◆ DATASET EXCERPT ◆
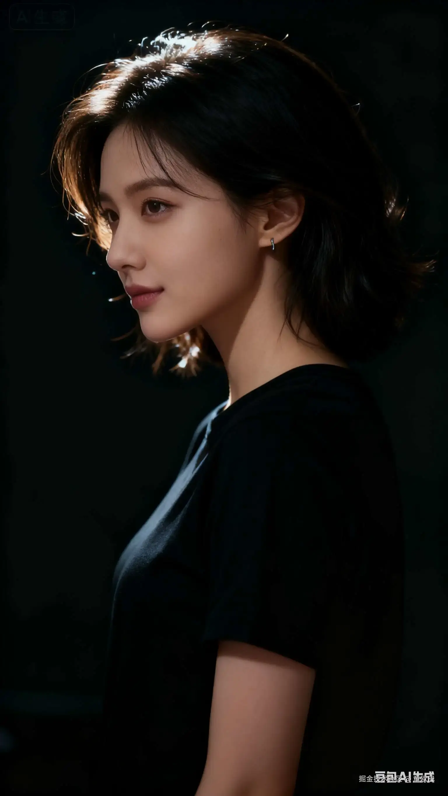 以图一的人物生成一张侧面半身肖像,采用深暗背景营造强烈对比。光线自侧上方倾泻,勾勒出发丝,半边脸颊与黑色上衣的轮廓,蓬松的发梢泛出细腻光泽。另一侧面容隐入暗部,仅由微妙的明暗过渡暗示面部结构。人物身着简约黑色圆领上衣,在浓郁阴影中凸显身形轮廓。整体以写实手法融合艺术感,通过光影的戏剧性塑造,传递出冷峻而神秘的气质,突出立体感与氛围张力。
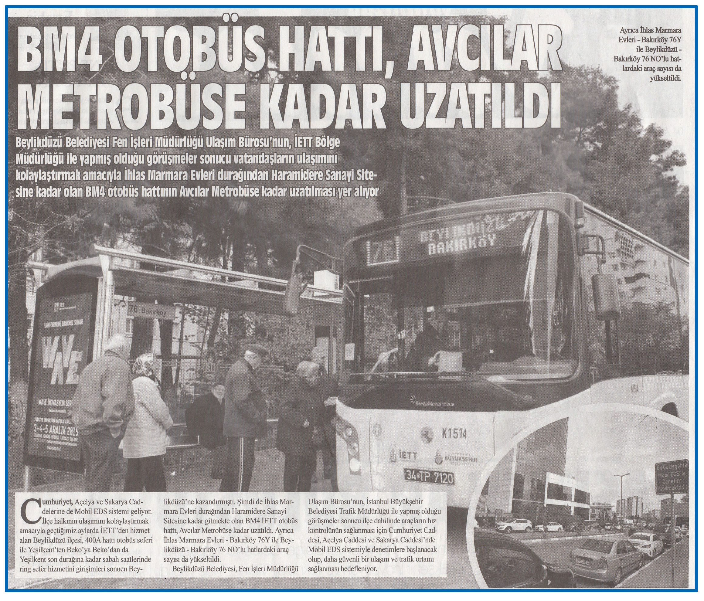 4 Aralık 2015 tarihli "YANKI" gazetesi. Beylikdüzü Belediyesi Fen İşleri Müdürlüğü Ulaşım Bürosu'nun, İETT Bölge Müdürlüğü ile yapmış olduğu görüşmeler sonucu vatandaşların ulaşımını kolaylaştırmak amacıyla İhlas Marmara Evleri durağından Haramidere Sanayi Sitesine kadar olan BM4 otobüs hattının Avcılar Metrobüse kadar uzatılması yer alıyor.
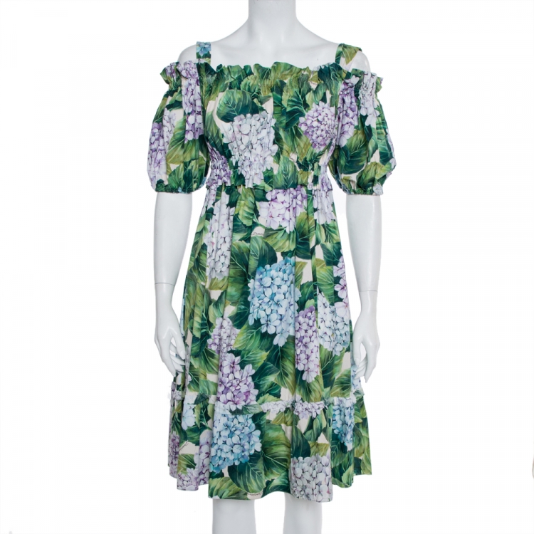 Pre Owned فستان دولتشي أند غابانا بلا أكتاف خصر مطاطي بوبلين قطن طباعة زهور هايدراجينا مقاس صغير

◆ TO DO ◆
Restate each line above exactly, keeping pictures out.

◆ EXERCISE OUTPUT ◆
 以图一的人物生成一张侧面半身肖像,采用深暗背景营造强烈对比。光线自侧上方倾泻,勾勒出发丝,半边脸颊与黑色上衣的轮廓,蓬松的发梢泛出细腻光泽。另一侧面容隐入暗部,仅由微妙的明暗过渡暗示面部结构。人物身着简约黑色圆领上衣,在浓郁阴影中凸显身形轮廓。整体以写实手法融合艺术感,通过光影的戏剧性塑造,传递出冷峻而神秘的气质,突出立体感与氛围张力。
 4 Aralık 2015 tarihli "YANKI" gazetesi. Beylikdüzü Belediyesi Fen İşleri Müdürlüğü Ulaşım Bürosu'nun, İETT Bölge Müdürlüğü ile yapmış olduğu görüşmeler sonucu vatandaşların ulaşımını kolaylaştırmak amacıyla İhlas Marmara Evleri durağından Haramidere Sanayi Sitesine kadar olan BM4 otobüs hattının Avcılar Metrobüse kadar uzatılması yer alıyor.
 Pre Owned فستان دولتشي أند غابانا بلا أكتاف خصر مطاطي بوبلين قطن طباعة زهور هايدراجينا مقاس صغير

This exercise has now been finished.